Quindi, semina sei semi di anguria nella pentola con l'estremità apice del seme rivolta verso l'alto. Usando un flacone spray, bagnare la parte superiore da 0,3 a 0,6 centimetri di terreno con acqua e quindi posizionare un piatto di plastica trasparente sotto e sopra ogni pentola. Riempire 48 inserti cellulari con sabbia pastorizzata a vapore, torba, vermiculite nel rapporto 4: 1: 1 e toccare gli inserti per comprimere il terreno.
Quindi, posizionare gli inserti in vassoi di plastica e seminare i semi come spiegato in precedenza. Sette giorni prima di piantare, inoculare cinque lastre QPDA con carta infiltrata per conservarle in un'area incubata per otto giorni su un ciclo buio di 14 ore / 10 ore. Il settimo giorno, trasferire due tappi di agar di un centimetro quadrato in ogni matraccio Erlenmeyer da 250 millilitri contenente 100 millilitri di destrosio di patate e posizionare i palloni Erlenmeyer su uno shaker da banco.
Il giorno dell'inoculazione, raccogliere le spore filtrando l'inoculo attraverso quattro strati di stoffa di formaggio sterile per determinare la concentrazione microconidiale del pallone. 14 giorni dopo la semina, trasferire gli inserti cellulari con le piantine nel vassoio palmato, quindi posizionare il vassoio palmato con le piantine in una vasca di plastica contenente i sette litri di sospensione dell'inoculo.

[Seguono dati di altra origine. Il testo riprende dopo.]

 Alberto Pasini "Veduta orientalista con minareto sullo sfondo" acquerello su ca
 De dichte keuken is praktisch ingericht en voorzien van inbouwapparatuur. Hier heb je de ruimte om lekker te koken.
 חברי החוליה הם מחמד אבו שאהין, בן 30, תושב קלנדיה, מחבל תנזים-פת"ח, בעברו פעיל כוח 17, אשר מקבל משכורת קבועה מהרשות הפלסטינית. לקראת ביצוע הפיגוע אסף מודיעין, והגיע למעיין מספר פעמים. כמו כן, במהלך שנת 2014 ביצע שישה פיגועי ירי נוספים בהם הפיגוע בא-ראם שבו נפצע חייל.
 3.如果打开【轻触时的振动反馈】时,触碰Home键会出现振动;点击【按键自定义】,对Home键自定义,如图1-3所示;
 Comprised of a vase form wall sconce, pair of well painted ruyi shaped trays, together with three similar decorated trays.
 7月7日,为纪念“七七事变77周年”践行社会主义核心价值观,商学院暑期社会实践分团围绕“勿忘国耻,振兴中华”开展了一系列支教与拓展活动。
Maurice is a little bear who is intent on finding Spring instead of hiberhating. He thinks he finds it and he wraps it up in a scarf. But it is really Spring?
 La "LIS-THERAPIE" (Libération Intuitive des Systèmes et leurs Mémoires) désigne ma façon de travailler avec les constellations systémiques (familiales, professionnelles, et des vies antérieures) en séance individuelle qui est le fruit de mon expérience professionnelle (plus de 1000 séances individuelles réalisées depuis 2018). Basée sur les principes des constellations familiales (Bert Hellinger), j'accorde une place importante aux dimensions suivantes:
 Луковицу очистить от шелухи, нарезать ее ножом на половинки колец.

Dopo 15 minuti di mantenimento indisturbato dell'inoculo, trasferire gli inserti cellulari contenenti le piantine inoculate in vassoi senza fori e posizionare i vassoi senza fori sul banco della serra, seguiti dall'irrigazione secondo necessità.

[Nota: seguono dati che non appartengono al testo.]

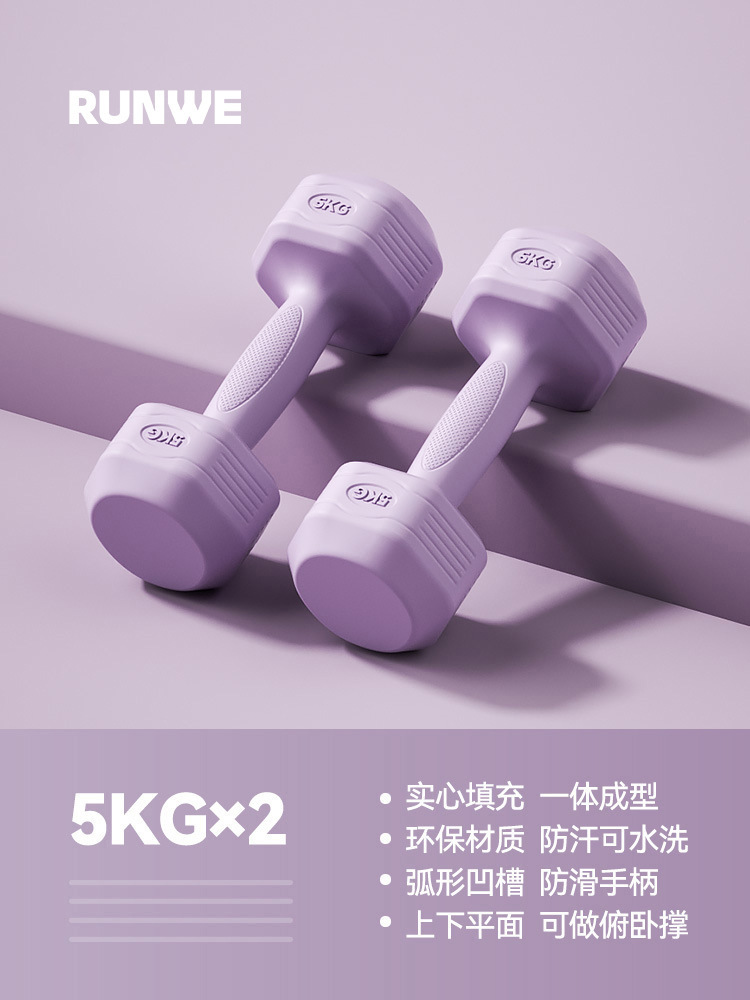 장거리 덤벨 여성용 피트니스 가정용 장비 육각형 어린이 팔 근육 요가 가방 남성 작은 덤벨의 접착제 쌍
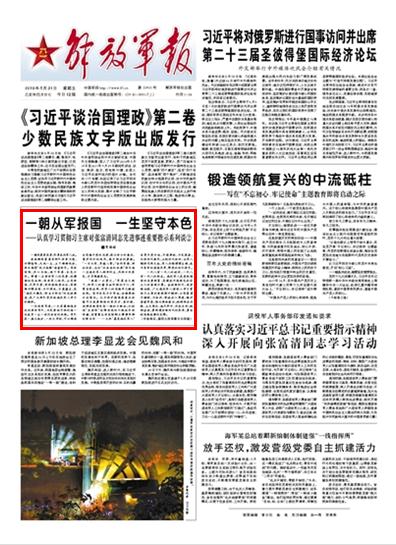 今天的《解放軍報》刊文指出,老英雄張富清在部隊保家衛(wèi)國,沖鋒陷陣、九死一生,立下赫赫戰(zhàn)功,兩次獲得“戰(zhàn)斗英雄”榮譽稱號。軍旅有限,兵心永駐;脫下軍裝,本色不改。帶著一名革命軍人的忠勇,他賡續(xù)紅色血脈,傳承軍人作風(fēng),公忠體國、盡職盡責(zé),有任務(wù)挺身而出,有困難沖鋒在前,不計得失、不慕虛名,是“退役不褪色,轉(zhuǎn)業(yè)不轉(zhuǎn)志”的先進典型,是廣大部隊官兵和退役軍人學(xué)習(xí)的榜樣。
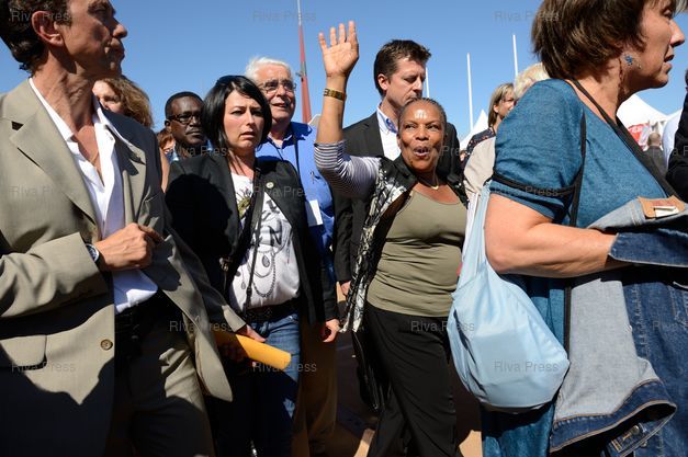 Légende : Université d'été du Parti Socialiste. Christiane Taubira salue les militants, accompagnée par Marie-Pierre de la Gontrie - La Rochelle - 24/08/2013 - Photo © Lionel Préau +33 (0)6 68 12 83 77
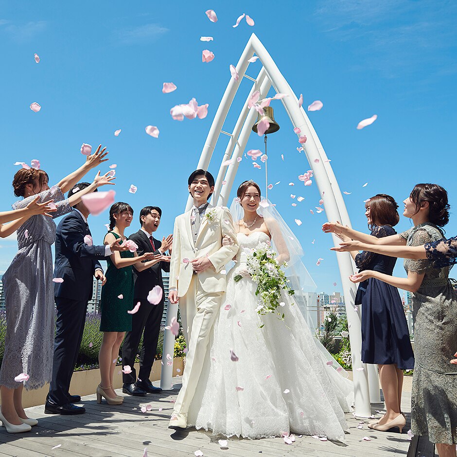 当日まで決まったら回数しか打ち合わせができないと思っていましたが、スタッフさんとは、メールのやり取りだけではなく直接相談させてもらうことができとっても良かったと思います。 会場となるホテルもとてもおしゃれなのでそこで写真を取れることもここの会場の魅力だと思いました。今回、私たちはテラスの開放もでき、晴天で風もなくテラスイベントも楽しめましたし、スカイチャペルもとても綺麗でした。 会場の雰囲気もパンフレットなど通り、おしゃれで装飾などを考えるのが苦手な方でも良い雰囲気を作れると思いました。 写真や動画の撮影の方も私たちの要望を聞き入れてくれて、写真が動画が出来上がるのが楽しみです。 親族や友人もホテルで宿泊できたのもホテルならではの特典だと思います。

Mantenere l'illuminazione e le condizioni ambientali come descritto in precedenza per il saggio biologico di immersione radicale. A seconda del metodo utilizzato, iniziare la valutazione osservando e calcolando l'incidenza di appassimento e morte delle piante e scattare immagini digitali per documentare il progresso della malattia. Nel metodo di immersione del vassoio modificato, le cultivar Black Diamond e Charleston Gray infettate da un isolato di razza-2 hanno mostrato sintomi gravi e sono morte.
Al contrario, la cultivar Citrullus amarus PI ha mostrato resistenza. Nel metodo di immersione delle radici, le piantine infettate da un isolato di razza-0 sono per lo più sopravvissute, mentre quasi tutte le piantine infettate da un isolato di razza-3 sono morte. Nel metodo del kernel infestato, le cultivar Sugar Baby e Charleston Gray coltivate in terreni infestati da razza 2 hanno iniziato ad appassire e morire, mentre le piante di Citrullus amarus PI appaiono ancora sane.
Ricorda di seminare e mantenere le piante in modo appropriato, controllare l'isolato patogeno per la vitalità, comprendere le tecniche uniche di ciascun metodo di inoculazione ed essere coerente quando si valutano i sintomi della malattia. Con i risultati di questi metodi, i ricercatori possono studiare i determinanti genetici sottostanti che regolano l'espressione della varianza differenziale tra gli isolati attraverso il sequenziamento e l'analisi genomica comparativa. Utilizzando questi metodi, i ricercatori sono stati in grado di valutare la prevalenza di diversi fenotipi di virulenza in diverse località e confrontare questi fenotipi con elementi genetici osservabili.